Second Look: The Extraordinary Secrets of April, May, & June by Robin Benway

April, May and June are very special sisters. One morning the three randomly develop weird and wonderful powers. They quickly realize that their secrets aren’t so secret anymore, since April can see the future, May can disappear and travel anywhere she wants without being seen, and June can read minds. Just when it seems like their newfound powers will drive them even farther apart, April sees a vision that will bring them together whether they like it or not.

Anyone with two siblings can easily relate to the first, middle, and third child syndrome that the main characters have. April, age 16 and the oldest, is the sister that’s large and in charge. She’s not bossy, but has a maternal air about her. She’s studious, orderly, a control freak, and likes things the way she likes them. May, the middle child, always feels invisible. She’s just trying to find out who she is, and being sandwiched between her sisters makes this feel impossible to her. June is the typical annoying younger sister. She’s 14 and succumbs easily to peer pressure has a bit of a rebellious streak in her when it means earning points with the school’s popularity princess, Mariah. She’s obsessed with popularity, friends, makeup, clothes, and everything else that reeks of teenybopperness. Once she starts reading minds, she takes “annoying” to a whole new level.


  • SUPERPOWERS! What would YOU do if you had them?
  • You’ve heard of love/hate relationships?
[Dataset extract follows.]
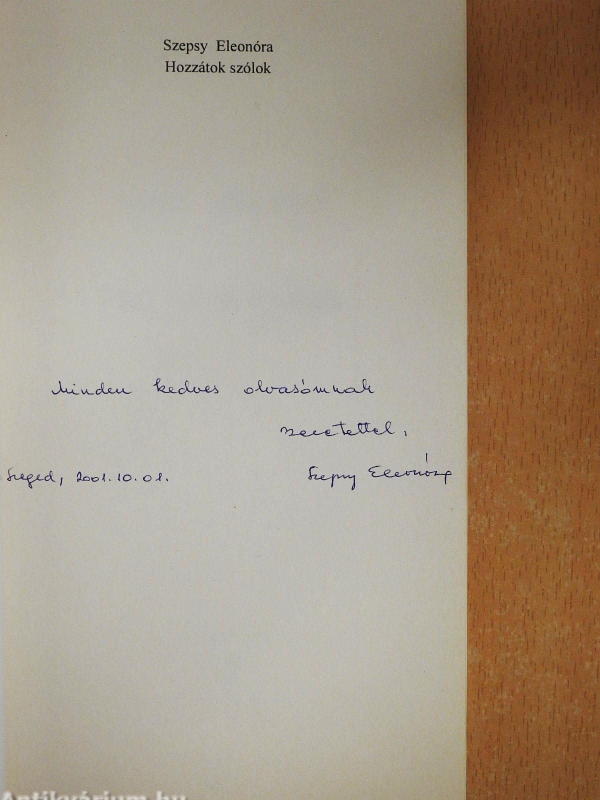 | Megjegyzés: | Szepsy Eleonóra szerző által dedikált példány. |
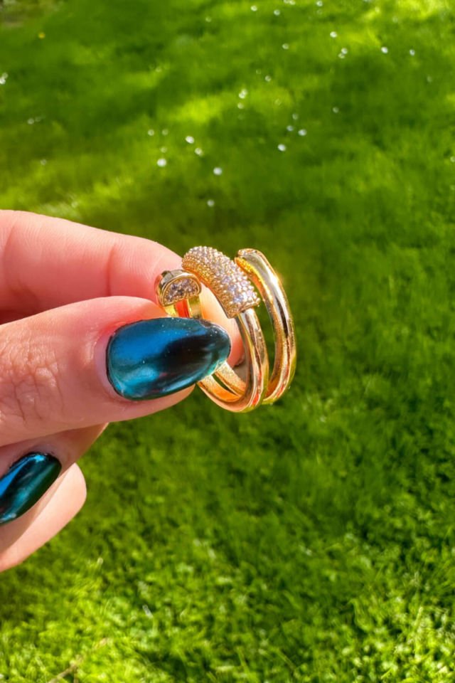 Gold Renk Üç Sıralı Taş Detaylı Çivi Yüzük

Well this story has love/hate love interests. It makes the romance portion of our program that much more fun.

These girls were a lot of fun to read about. Though June got on my nerves (A LOT), as any little sister would, May’s sense of humor kept me cracking up throughout the story. April was high strung big sister I never wanted, but I can’t hold it against her. You’d be high strung too if you had a psychic vision of yourself losing your virginity to the random, unknown dude you happen to share locker space with. Watching the sisters learn how to handle their powers was a total trip and understanding where the story was headed was like taking a mini adventure. Though I wouldn’t necessarily call this a coming of age novel, we see the girls grow and learn about life, love, and each other. Similar to her other novel, Audrey, Wait!, Robin Benway once again hits a homer with her addictive, fast paced, laugh-out-loud writing. This most definitely is a stand-alone novel and I don’t foresee and sequel, however I would love to see what else the sisters learn to do with their powers. While The Extraordinary Secrets has a bit more suggestive content and strong language than Audrey, Wait!, it’s still a sure hit for young teens and reluctant readers.